What Movies Will It Remind You Of? Well, Little Brother slops together the comic proclivities that Cena showed in his Peter Farrelly outing Ricky Stanicky (deeply stupid, but I recommend it for some reason) and the André persona we know from Bad Trip and his sketch-TV vehicle The Eric Andre Show. We also catch a whiff of Step Brothers and Role Models here.
Performance Worth Watching: It’s hard not to be swayed by Andre’s anything-goes approach to comedy.
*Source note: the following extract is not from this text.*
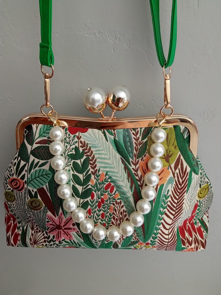 Elegant Women Green Pink Shoulder Bags Canvas Shell Clips Fashion Lady Pearls Handbag Daily Retro All-match Chain Crossbody Bags — buy online with free worldwide shipping!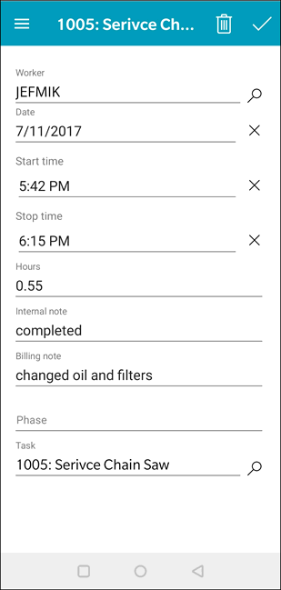 The MyTasks app can be used to add time to a task.  The task and work order system in EBMS can post time to a specific job, work code, or work order, and other time tracking tools in EBMS.  The Timecard page of MyTasks (C section below) is used to track the amount of time spent on the specific task.

He’s shameless in a way that bullseyes the sweet spot between Jackass and Chevy Chase.
Sex And Skin: You see butts and side-boob in a wacky threesome scene, an obviously prosthetic wang, and the fairly upsetting implication that Monaghan is going down on Cena’s pooper.

Our Take: Monaghan beelines to the first minty cocktail she can find after that bonkers scene, one of the I’m-ashamed-to-admit-it funnier moments in Little Brother, which is otherwise a middling-to-lousy gross-out yukfest with a soft, squishy, sentimental center. Conceptually, it’s novel that the disruptor character in a Chaos Agent Comedy isn’t a scammer, or in the psych ward not because he’s stereotypically violent, crazy and unpredictable, but because he’s simply been through a lot. Instead of being cowed by a scheme, the Deirdre character is endeared to Marcus because he’s a good person with some goofy eccentricities. The approach is similar to how the Farrelly Brothers handled depictions of people with disabilities in a relatively respectful manner into their un-P.C. comedies in the wild and wooly ’90s (he said, also acknowledging that Shallow Hal probably hasn’t aged particularly well).
Then again, there’s a “kimchi” joke delivered by Cola that she sure seems to deliver through gritted teeth, since she’s Chinese and asked to participate in an icky all-Asian-people-are-essentially-the-same bit. This is a good example of the inconsistent manner in which the concept is executed. The characters are as haphazard as the plotting, which is just fine if the laughs keep coming. But they don’t. The film is content to follow formula and feed us middling-to-lousy gags, syrupy third-act speeches and phony outtakes over the end credits. Perhaps we can dig deeper and turn up a narrative about how—compared to people who’ve experienced significant hardship—successful, privileged people think they can forgo therapy and fill the hole with material things. But in reality, the reason the fancy Porsche is in the movie is so it can repeatedly get trashed.
Our Call: I like Cena and Andre, and pairing them here should’ve been a slam-dunk. But it ultimately comes down to this: Too much flop sweat, not enough laughs. SKIP IT.
John Serba is a freelance film critic from Grand Rapids, Michigan. Werner Herzog hugged him once.